临语姝眉头紧锁,脸色阴沉道:“这些时日你们还是少与她接触。”
心中那丝隐隐的不安越来越浓烈,那房间中贴着大红色的喜字分外的刺眼——那是周家送来的聘礼,明明多年夙愿即可达成,为何还是这般不安?
二人说着话,知画一脸喜色的跑了进来:“小姐小姐,周……周大人醒了!”
“临语姝?”苏玉徽和周杜若面面相觑,苏玉徽眼中闪过了一丝疑惑。
周蘅芜道:“当年母亲病重,寻遍了汴梁城中的名医,但是缺少一味‘青鸾花’做药引。”
“青鸾花?”苏玉徽挑了挑眉,“此花生于岭南山林陡峭之上,南夷子民将此花视为圣物,轻易不可得。”
周蘅芜点头道:“正是如此,我自负一身本领,便深入岭南深山,去寻此花。一去……便就是半年之久,后来在取花的时候被小人所害身负重伤,是语姝带人救了我……”
两年的时间,不远不近,可是那些关于岭南的记忆却有些模糊了,“我在南夷便就受了很重的伤,醒来的时候父亲也在身侧。因为母亲病情延误不得,不等伤好便就匆匆的回了汴梁。回来便就大病了一场……”
从周蘅芜断断续续的回忆中,苏玉徽大概明白了事情的经过,“既然周夫人病愈,周大人想必是得了那青鸾花?”
周蘅芜点了点头道:“我九死一生,便是为了青鸾花。”
苏玉徽轻轻叹了口气,“原来……一切竟是这样……”
周蘅芜问道:“两年前究竟发生了什么?我究竟忘了什么东西?”
他一脸不解的看着她,苏玉徽不知怎的想到梦境中少女跪在灰烬中,哭的那般绝望……
两年的时间,她爱恨交织,身负血海深仇,忍受噬心之痛苦修炼禁术成为蛊师;而他,在繁花似锦的汴梁城中,春风得意,佳人在侧。

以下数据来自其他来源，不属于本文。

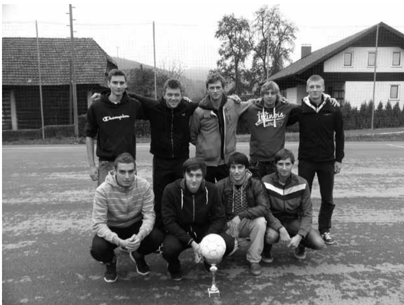
Mladi Ambrušani, prvaki 2. lige

V drugi ligi so se za ekipama ŠD Ambrus mladi in Fortuna No1 na tretje mesto nekoliko presenetljivo, a zasluženoma uvrstili igralci ekipe KIP Slovenski dimnik, katere jedro ekipe je iz okolice Zagradca. Tekmovalca v 2. ligi je zaznamovala velika izenačenost, saj na koncu 5. in 11. ekipo loči le 8 točk. Najboljši strelca v 2. ligi je postal Pri-

苏玉徽忍住心中那股汹涌的恨意,替骨生不平,眉眼中带着如刀锋般的凛冽,淡淡道:“事情真相如何而,还是先问问国公爷吧。”
“问父亲?”不说周蘅芜,就连周杜若也是一头雾水。
若非是此事关系着苏瑾瑜的安危,苏玉徽是绝对不会插手的。
杀父之仇,亡族之恨,皆因一时痴念而起。
对着周杜若的时候,苏玉徽难看的脸色缓了缓,语气沉重道:“若是国公爷肯说实话,或许周家还有一线生机!”
骨生要报复的不是周蘅芜一个人,而是整个周家!
一旁的周杜若不由得倒抽了口凉气道:“怎么……会这样?”
苏玉徽轻叹了口气,道:“既然有些事周公子不记得了,我就算是想查也无任何头绪。当年在南夷寨子里,究竟发生了什么,或许只有周国公或者临小姐知道。”
看着周蘅芜一脸茫然的神情,苏玉徽并没有说那梦境中所见灭族的那一幕。
若一切是真的,那真相又将是如何的残酷!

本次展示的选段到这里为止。